§ **Exercise brief**
Only one stretch of the data below is needed: the line with "操作したいExadata VMクラスタの表示名をクリックします。" through the last line. Output it exactly and drop the pictures.

Stored data entries
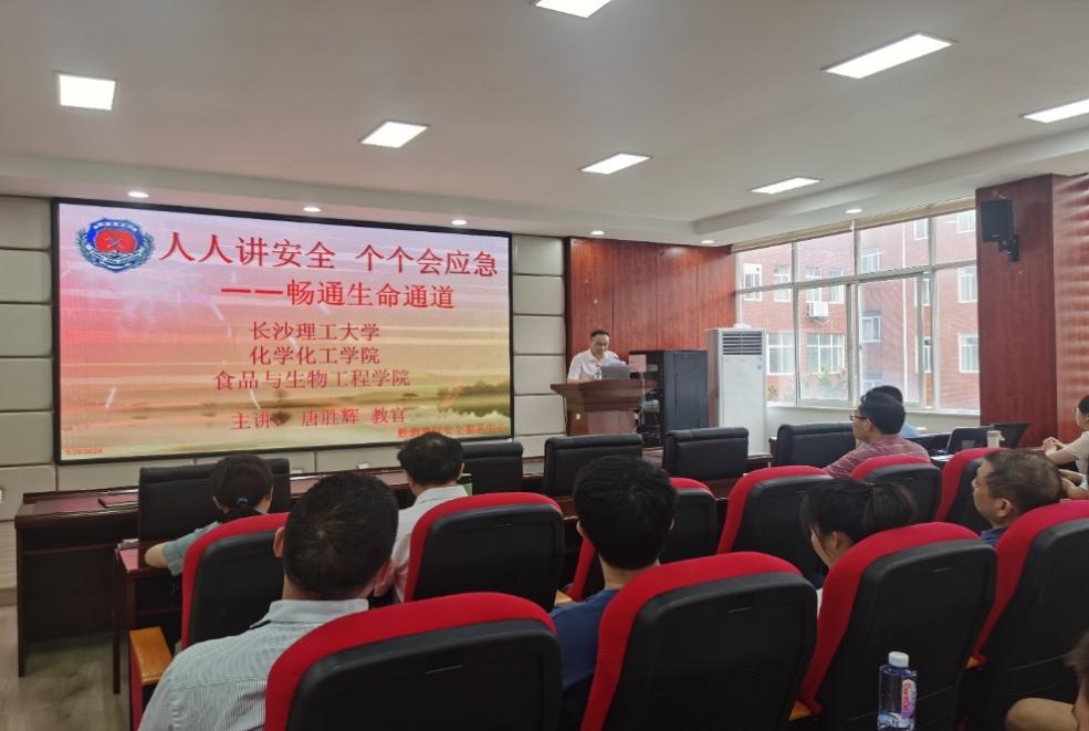 为进一步提升师生防灾减灾意识,增强应急处理能力,确保学院教学与科研活动的安全有序进行.2024年5月28日下午,我院在工科三号楼A320会议室成功举办了防灾减灾安全知识讲座,活动邀请湖南胜消消防的唐胜辉教官主讲,学院近100名师生代表参与了此次活动。本次活动由化学化工学院副院长陈启杰主持。
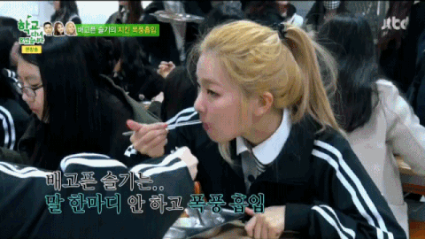배고파서 손으로 먼저 먹는데 입모양좀 냅둬라 슬기야 쥬글꺼 같으니깐ㅠㅠㅠ
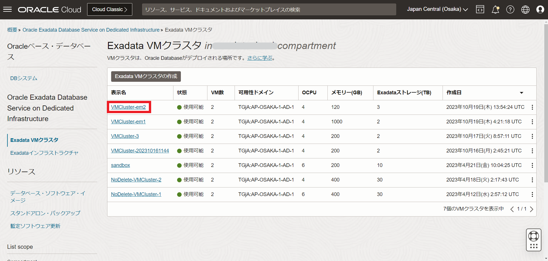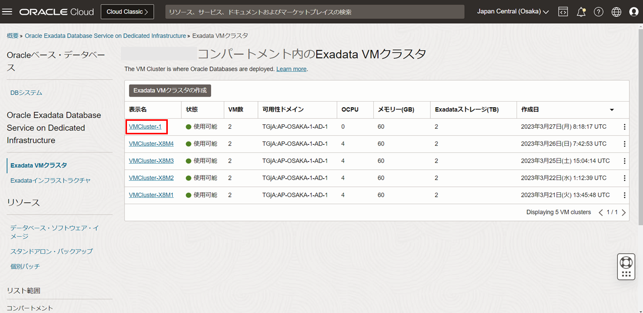 操作したいExadata VMクラスタの表示名をクリックします。
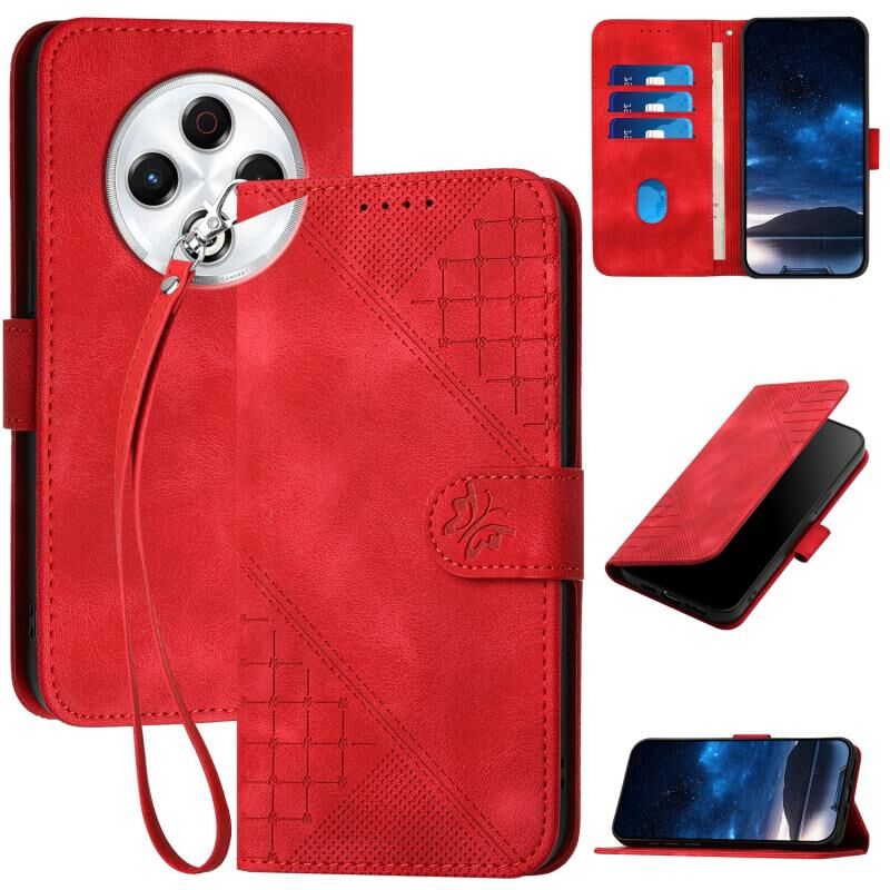 For Tecno Spark 30 4G Grid Butterfly Embossed Pattern Leather Phone Case with Lanyard(Red)
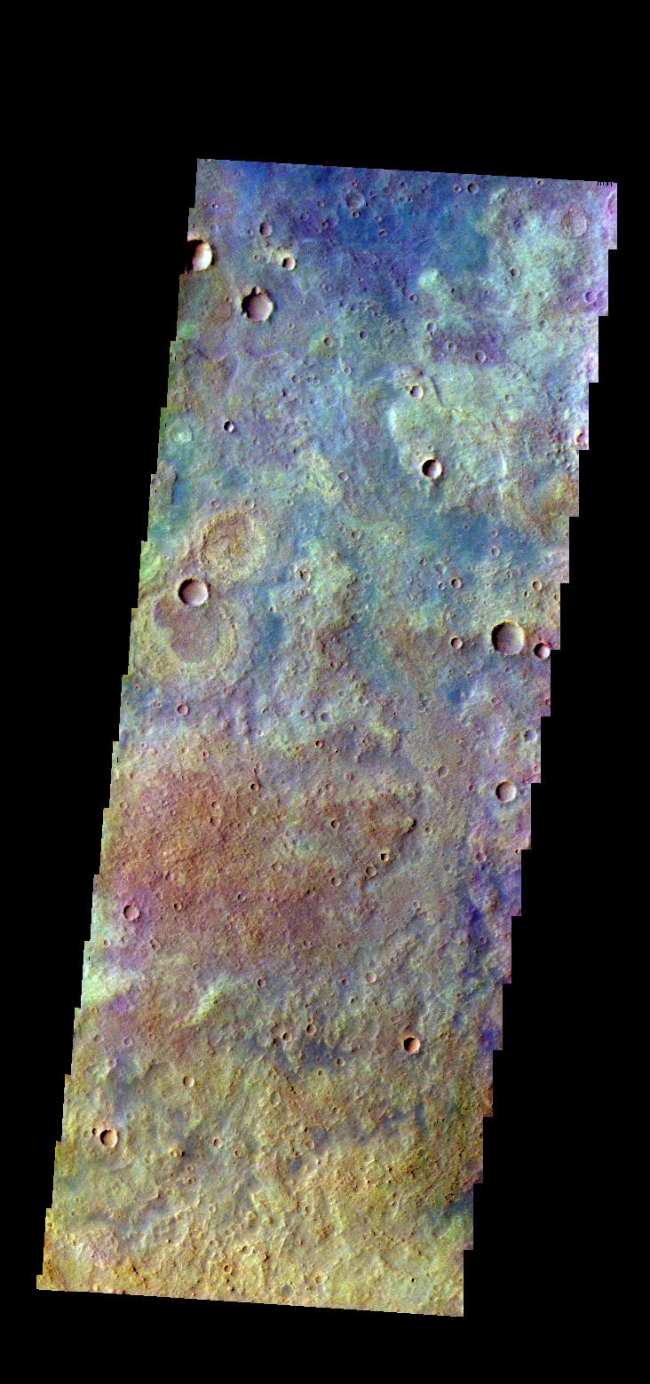 The THEMIS VIS camera contains 5 filters. The data from different filters can be combined in multiple ways to create a false color image. These false color images may reveal subtle variations of the surface not easily identified in a single band image. Today's false color image shows part of the plains of Tyrrhena Terra.

§ **Result**
 操作したいExadata VMクラスタの表示名をクリックします。
 For Tecno Spark 30 4G Grid Butterfly Embossed Pattern Leather Phone Case with Lanyard(Red)
 The THEMIS VIS camera contains 5 filters. The data from different filters can be combined in multiple ways to create a false color image. These false color images may reveal subtle variations of the surface not easily identified in a single band image. Today's false color image shows part of the plains of Tyrrhena Terra.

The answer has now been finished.